Al regresar prefiero traer lo más lejano,
aquello que llegando ilumina los sueños,
y descubro que soy de otro tiempo la sombra.
Fueron días pausados y dichosos
porque nada en el cielo es pasajero,
y yo miraba entonces el techo de los campos,
los turnos de la luna que ahora traigo aquí,
tratando de hacer luz en diferente espacio
con las cosas que son de tan dulce memoria.
Hoy vuelvo a los lugares y evoco las palabras,
el sentir jubiloso y la hermosura.
La vida que ya fue dará lustre a los restos,
disfrazados de ayer, simuladores,
sin querer aceptar las cuentas adelante
e ignorando qué hacer con la viviente sombra
que apuesta su razón a este poema,
a la ciudad que habita, a unos pocos amigos,
y al amparo sereno de quien con ella vive.

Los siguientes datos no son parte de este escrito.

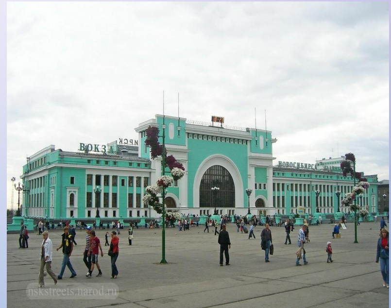
Железнодорожный вокзал Им. Гарина-Михайловского
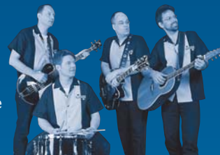
Bekannte regionale Bands sorgen für gute Stimmung.
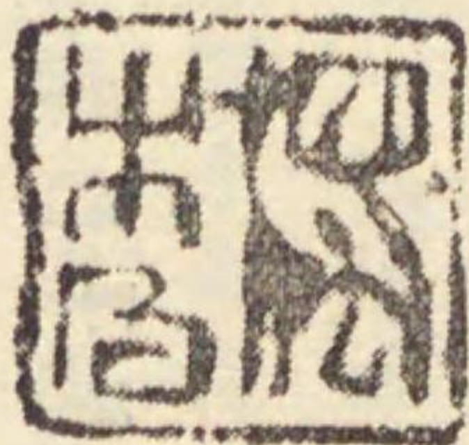
○美濃崇福寺所藏 乾才獨畫像贊
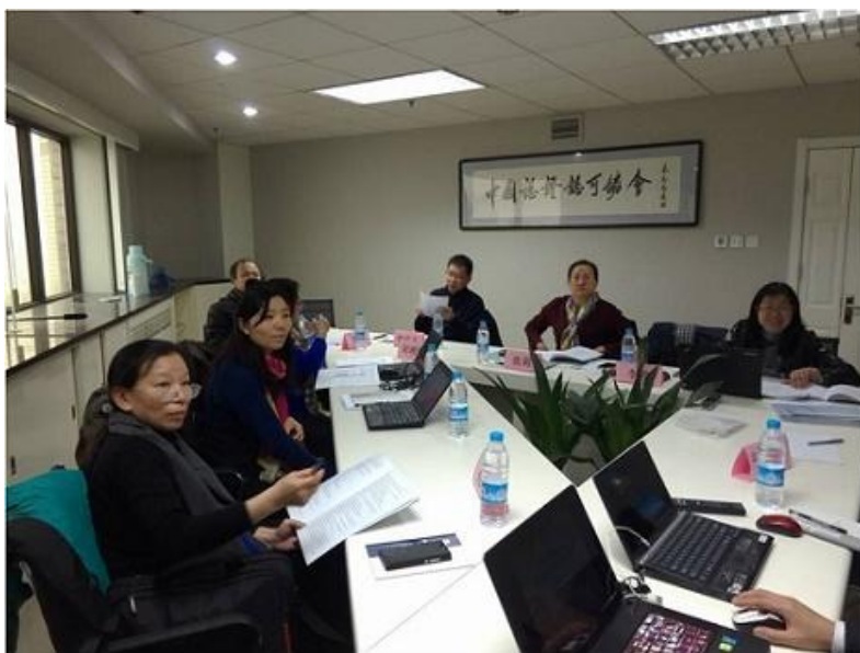
《能源管理体系 建材企业（不含水泥、玻璃、陶瓷企业）认证要求》标准审查会

2013-2014 年，我机构先后完成了国家认监委《能源管理体系 水泥企业认证要求》(RB/T 106-2013)、《能源管理体系 玻璃企业认证要求》(RB/T 111-2014) 和《能源管理体系 建筑卫生陶瓷企业认证要求》(RB/T 110-2014) 等标准的起草工作。2015 年，我机构承担了国家认监委《能源管理体系 建材企业（不含水泥、玻璃、陶瓷企业）认证要求》标准的起草工作，目前，该标准已通过标准审定委员会审查，正式报送国家认监委。上述四个标准同属能源管理体系认证系列标准，是 GB/T 23331-2012《能源管理体系 要求》在建材企业的具体要求。制定该标准的目的是为了规范建材企业能源管理过程，协助企业建立一套系统、科学且具有可操作性的能源管理体系，实施持续改进，实现能源目标，提高能源绩效，促进节能减排工作目标的实现。

Porque todo es distinto, y ya distante
el vigor de los cuerpos con su brío,
y esa luna feliz que nos amaba.
En el declive somos la sospecha
para aquellos que son un sueño y se resisten
a ver en nuestra sombra la futura evidencia.
(Con J.M. Bandrés)
Era invierno y la lluvia sonaba en los cristales.

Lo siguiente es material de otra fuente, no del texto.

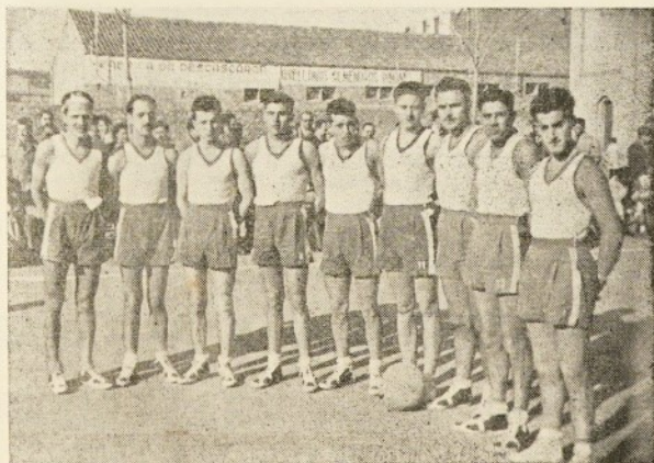
El equipo de E. P., que ha ascendido a primera categoría
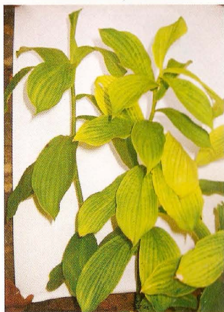
Fig. 1. Cana-do-brejo ( Costus spicatus )

As plantas medicinais possuem um grande potencial na cura de doenças, sendo, muitas vezes, preferidas pela população pelo fato de serem naturais.
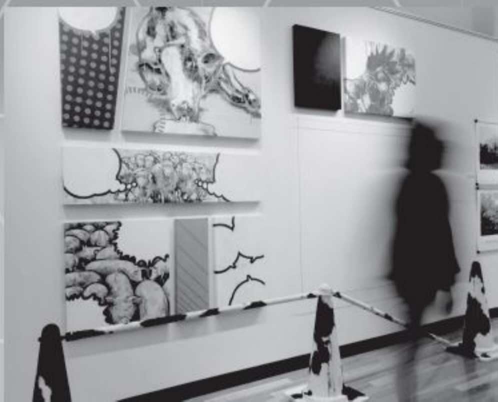
Kit_A (a.k.a.YOSHIKI KITA)
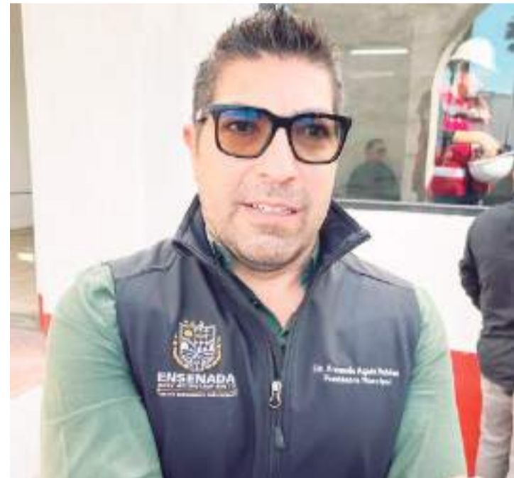
TIJUANA.- Según la casa encuestadora Demoscopia Digital la dupla de la Diputada Federal Julieta Ramírez y el Alcalde de Ensenada, Armando Ayala, son los preferidos para el Senado.

punto de las 09:00 horas a las afueras de Palacio Municipal, sobre la avenida Independencia y concluyó alrededor de las 13:00 horas a las afueras de la Universidad Autónoma de Baja California, contando con la participación de más de 5 mil personas en total, entre estudiantes, civiles y personal de instituciones como Cruz Roja, Bomberos, Policía Municipal y Ejército Mexicano.
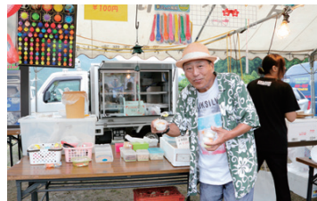
おなじみのつつちゃんの露天には「水まんじゅう」が登場。
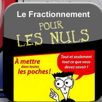
Fractionnement pour les nuls
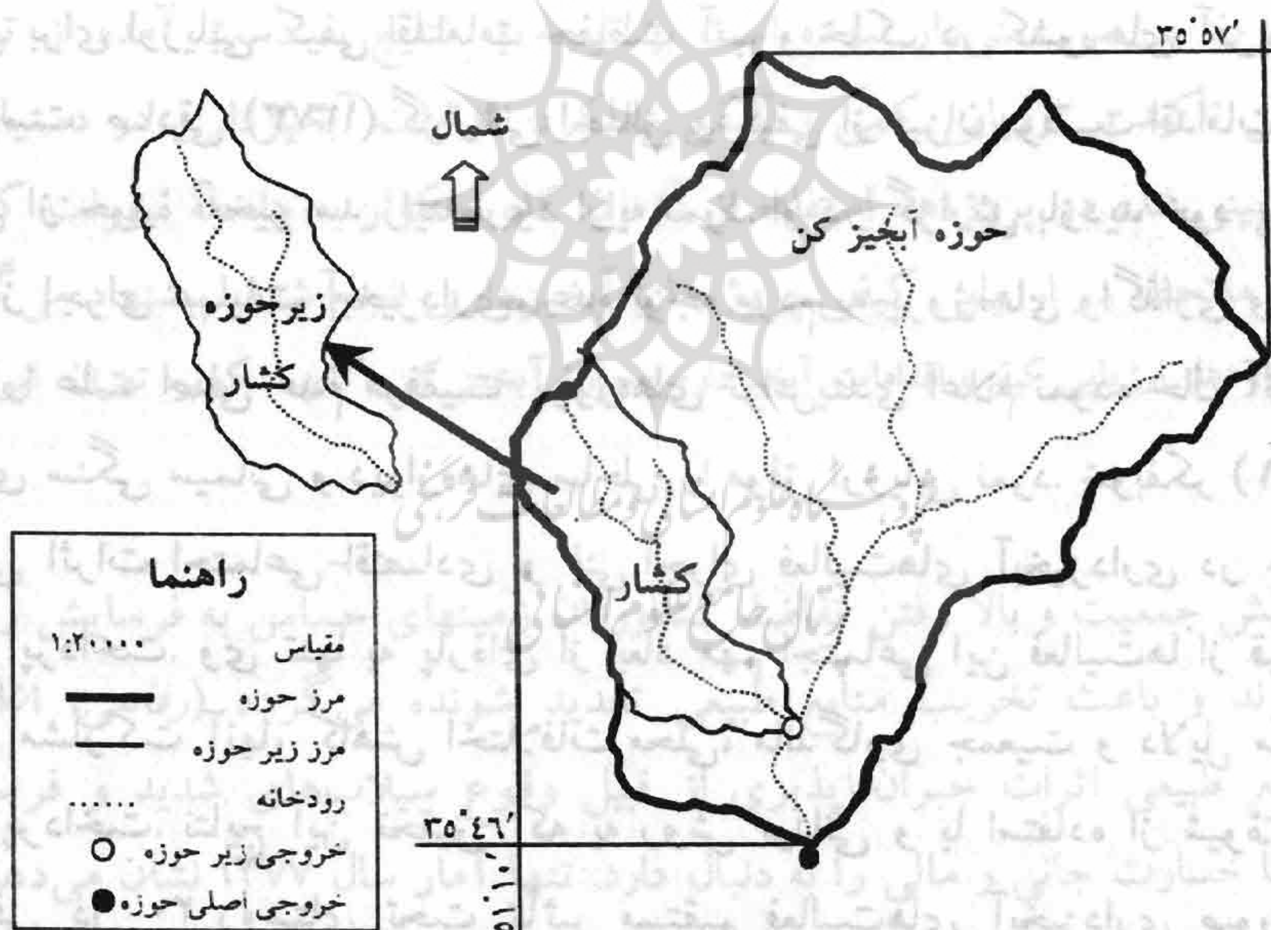
شکل ۱ نقشه منطقه مطالعاتی کشار در حوزه آبخیز کن

حوزه آبخیز کن که یکی از زیر حوزه‌های آبخیز مرکزی کشور محسوب می‌شود، در استان تهران واقع شده و از شمال به سلسله جبال البرز، از جنوب به شهر تهران، از غرب به کوه‌های پهن حصار و کدکو، از شرق به بند عیش منتهی می‌شود. این حوزه بین طول‌های جغرافیایی 51^{\circ}10' تا 51^{\circ}22' و عرض‌های جغرافیایی 35^{\circ}46' تا 35^{\circ}57' واقع شده است. کشار، سنگان، رندان و کیگا سرشاخه‌های مهم آن می‌باشند.

Pausado era el comienzo en aquel pueblo.
Grande la casa y húmeda, constante en su bullir.
Él llegó un mediodía, sosegando a su paso
el viento de la plaza. Se oía la pregunta:
¿es ése el desterrado?
Aquel lugar sin rastro a los tres nos unía,
y vivimos la dicha de plenas madrugadas.
Cerca y lejos los ásperos parrales;
el firmamento oscuro sobre nuestras cabezas
en nocturnos paseos.
Extinguidos aquellos movimientos
que fueron con nosotros, porque ya no es posible.

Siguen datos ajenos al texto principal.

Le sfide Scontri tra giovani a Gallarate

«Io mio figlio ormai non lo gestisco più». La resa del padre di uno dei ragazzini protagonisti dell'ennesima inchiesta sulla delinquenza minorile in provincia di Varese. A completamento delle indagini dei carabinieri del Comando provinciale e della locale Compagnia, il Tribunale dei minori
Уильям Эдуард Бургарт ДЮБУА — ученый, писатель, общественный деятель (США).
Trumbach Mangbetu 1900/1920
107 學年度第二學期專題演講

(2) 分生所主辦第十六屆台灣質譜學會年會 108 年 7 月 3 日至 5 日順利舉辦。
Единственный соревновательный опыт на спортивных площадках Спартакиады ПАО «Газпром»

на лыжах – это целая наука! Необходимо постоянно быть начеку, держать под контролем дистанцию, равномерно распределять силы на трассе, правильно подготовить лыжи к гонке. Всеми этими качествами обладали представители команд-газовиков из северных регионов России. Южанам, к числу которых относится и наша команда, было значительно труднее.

El tiempo ha destruido la voz que los sostuvo:
somos ahora tres los desterrados.
AL MENOS, LAS PALABRAS
Con sus flores primeras el patio recogía,
y ella quiso entregarle una rosa granate.
Primero fue el silencio, las tímidas palabras,
el decir que las lilas habían florecido,
y efímeras se fueron a finales de abril.
Sentadas admiraron el familiar entorno
(elocuente esplendor que en lo pequeño anida).
Sin propiciarlo apenas, vinieron los recuerdos;
el dramático asedio de una guerra imborrable,
las marcas de la vida como dardos impuros.
Nadie sufría más que la mujer bendita,
quien la flor entregara con singular dulzura,
a pesar de saber de otro acero más duro
capaz de profanar el pecho dolorido.
Sólo llanto en sus ojos empañados y solos.
En el patio acaecen las luces de la tarde.
Dos mujeres se abrazan en la paz del silencio,
y se adivina el gesto de ese bien anhelado,
que ha sabido ser pródigo por su misma grandeza.